We study the corrupted bandit problem, i.e. a stochastic multi-armed bandit problem with $k$ unknown reward distributions, which are heavy-tailed and corrupted by a history-independent adversary or Nature. To be specific, the reward obtained by playing an arm comes from corresponding heavy-tailed reward distribution with probability $1-\varepsilon \in (0.5,1]$ and an arbitrary corruption distribution of unbounded support with probability $\varepsilon \in [0,0.5)$. First, we provide $\textit{a problem-dependent lower bound on the regret}$ of any corrupted bandit algorithm. The lower bounds indicate that the corrupted bandit problem is harder than the classical stochastic bandit problem with sub-Gaussian or heavy-tail rewards. Following that, we propose a novel UCB-type algorithm for corrupted bandits, namely HubUCB, that builds on Huber's estimator for robust mean estimation. Leveraging a novel concentration inequality of Huber's estimator, we prove that HubUCB achieves a near-optimal regret upper bound. Since computing Huber's estimator has quadratic complexity, we further introduce a sequential version of Huber's estimator that exhibits linear complexity. We leverage this sequential estimator to design SeqHubUCB that enjoys similar regret guarantees while reducing the computational burden. Finally, we experimentally illustrate the efficiency of HubUCB and SeqHubUCB in solving corrupted bandits for different reward distributions and different levels of corruptions.

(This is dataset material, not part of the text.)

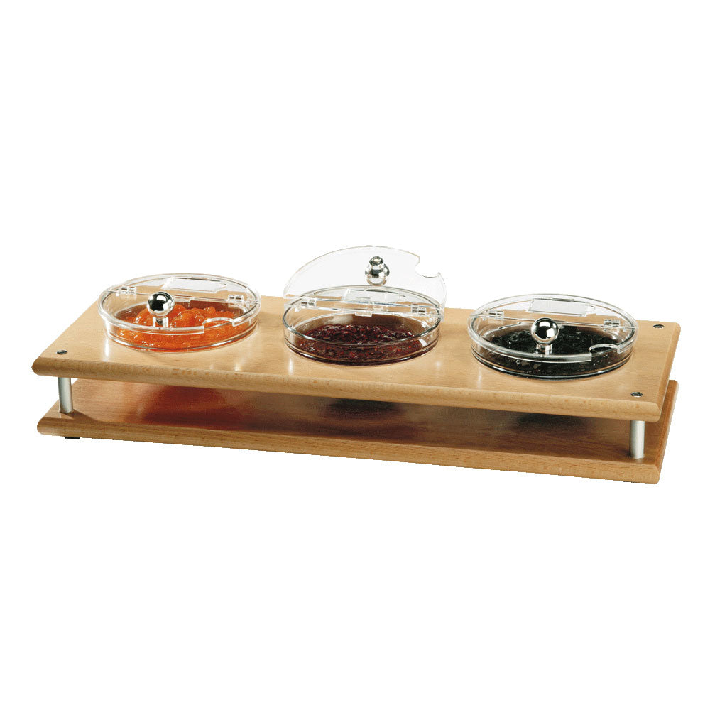 Praktische selbstbeschriftbare Schilder erleichtern die Kennzeichnung der Inhalte ideal für den professionellen Einsatz in Gastronomie, Catering und Buffets. Der robuste Standfuß aus massivem Buchenholz sorgt für stabilen Halt und eine ansprechende Präsentation.

翻译:自然损坏的赌博机问题:遗憾的下限和鲁棒乐观算法
我们研究了被自然损坏的赌博机问题,即具有$k$个未知奖励分布的随机多臂赌博机问题,这些奖励分布呈重尾分布。奖励由相应的重尾奖励分布以$1-\varepsilon\in(0.5,1]$的概率和任意的污染分布以$\varepsilon\in[0,0.5)$的概率给出。首先,我们提供了任何损坏赌博机算法的遗憾下限。这些下界表明,损坏赌博机问题比具有亚高斯或重尾奖励的经典随机赌博机问题更难。接下来,我们提出了一种新型的损坏赌博机UCB算法,即HubUCB,它建立在Huber的鲁棒均值估计上。利用Huber估计的新的集中不等式,我们证明了HubUCB能够获得几乎最优的遗憾上限。由于计算Huber估计具有二次复杂度,我们进一步介绍了一个连续的版本,该版本具有线性的复杂度。我们利用这个连续的估计来设计SeqHubUCB,它具有类似的遗憾保证,同时减少了计算负担。最后,我们实验室演示了HubUCB和SeqHubUCB在解决不同奖励分布和不同污染水平的损坏赌博机方面的效率。